(Data for analysis Opens)

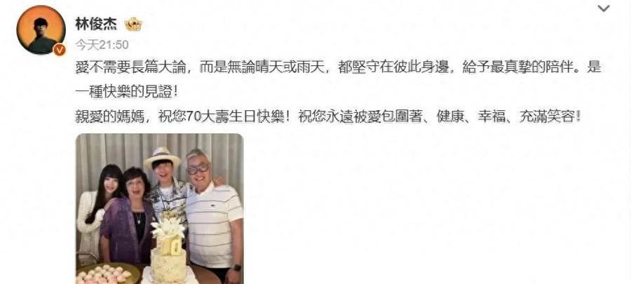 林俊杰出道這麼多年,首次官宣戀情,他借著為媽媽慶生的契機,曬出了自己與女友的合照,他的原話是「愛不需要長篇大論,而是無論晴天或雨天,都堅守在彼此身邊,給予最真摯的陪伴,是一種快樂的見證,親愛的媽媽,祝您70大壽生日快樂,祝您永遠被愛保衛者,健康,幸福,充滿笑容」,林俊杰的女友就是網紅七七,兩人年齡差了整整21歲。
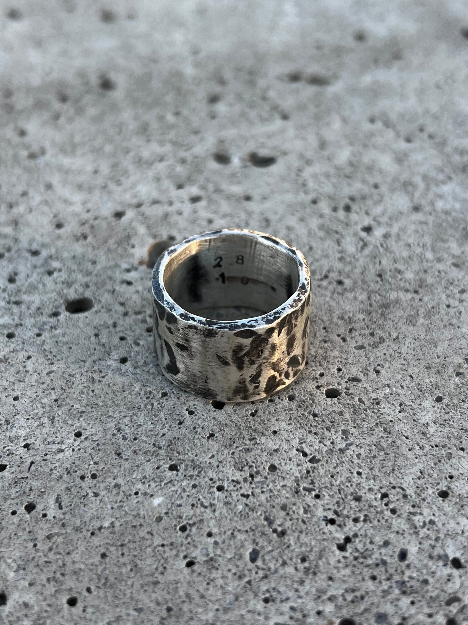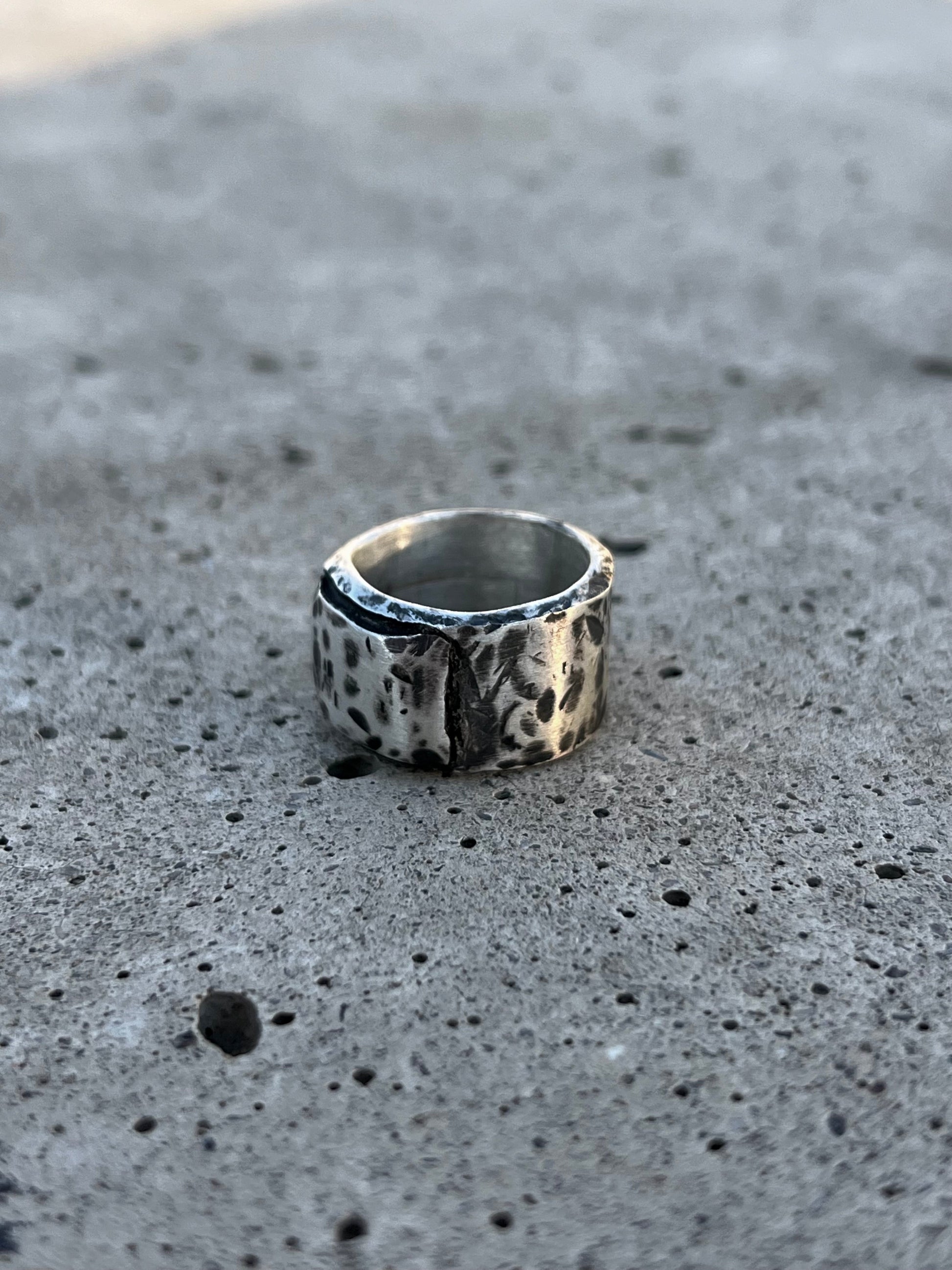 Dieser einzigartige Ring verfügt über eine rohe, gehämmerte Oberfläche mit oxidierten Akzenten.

(Data for analysis Closes)
(Data for analysis Opens)

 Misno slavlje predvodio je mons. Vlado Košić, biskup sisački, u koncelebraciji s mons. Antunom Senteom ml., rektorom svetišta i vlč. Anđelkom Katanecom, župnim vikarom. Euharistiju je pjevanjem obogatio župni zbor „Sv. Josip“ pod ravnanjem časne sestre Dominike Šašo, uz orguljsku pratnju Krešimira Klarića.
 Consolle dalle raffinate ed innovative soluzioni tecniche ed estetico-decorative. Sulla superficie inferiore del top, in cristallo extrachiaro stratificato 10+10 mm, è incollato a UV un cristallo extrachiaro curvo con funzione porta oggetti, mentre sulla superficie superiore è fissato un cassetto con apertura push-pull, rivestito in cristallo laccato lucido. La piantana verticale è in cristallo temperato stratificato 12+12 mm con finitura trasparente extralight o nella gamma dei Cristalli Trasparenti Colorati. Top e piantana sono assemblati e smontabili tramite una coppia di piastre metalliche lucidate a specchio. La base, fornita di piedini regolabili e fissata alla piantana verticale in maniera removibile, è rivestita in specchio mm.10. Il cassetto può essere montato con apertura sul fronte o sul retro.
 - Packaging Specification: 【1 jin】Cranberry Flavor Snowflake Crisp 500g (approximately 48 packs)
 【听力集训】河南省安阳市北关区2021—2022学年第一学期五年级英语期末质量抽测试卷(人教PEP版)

(Data for analysis Closes)

### Exercise directions
In the data above, find the line containing "林俊杰出道這麼多年,首次官宣" and the line containing "Dieser einzigartige Ring". Repeat those two lines and everything between them exactly, minus the pictures.

### Problem solution
 林俊杰出道這麼多年,首次官宣戀情,他借著為媽媽慶生的契機,曬出了自己與女友的合照,他的原話是「愛不需要長篇大論,而是無論晴天或雨天,都堅守在彼此身邊,給予最真摯的陪伴,是一種快樂的見證,親愛的媽媽,祝您70大壽生日快樂,祝您永遠被愛保衛者,健康,幸福,充滿笑容」,林俊杰的女友就是網紅七七,兩人年齡差了整整21歲。
 Dieser einzigartige Ring verfügt über eine rohe, gehämmerte Oberfläche mit oxidierten Akzenten.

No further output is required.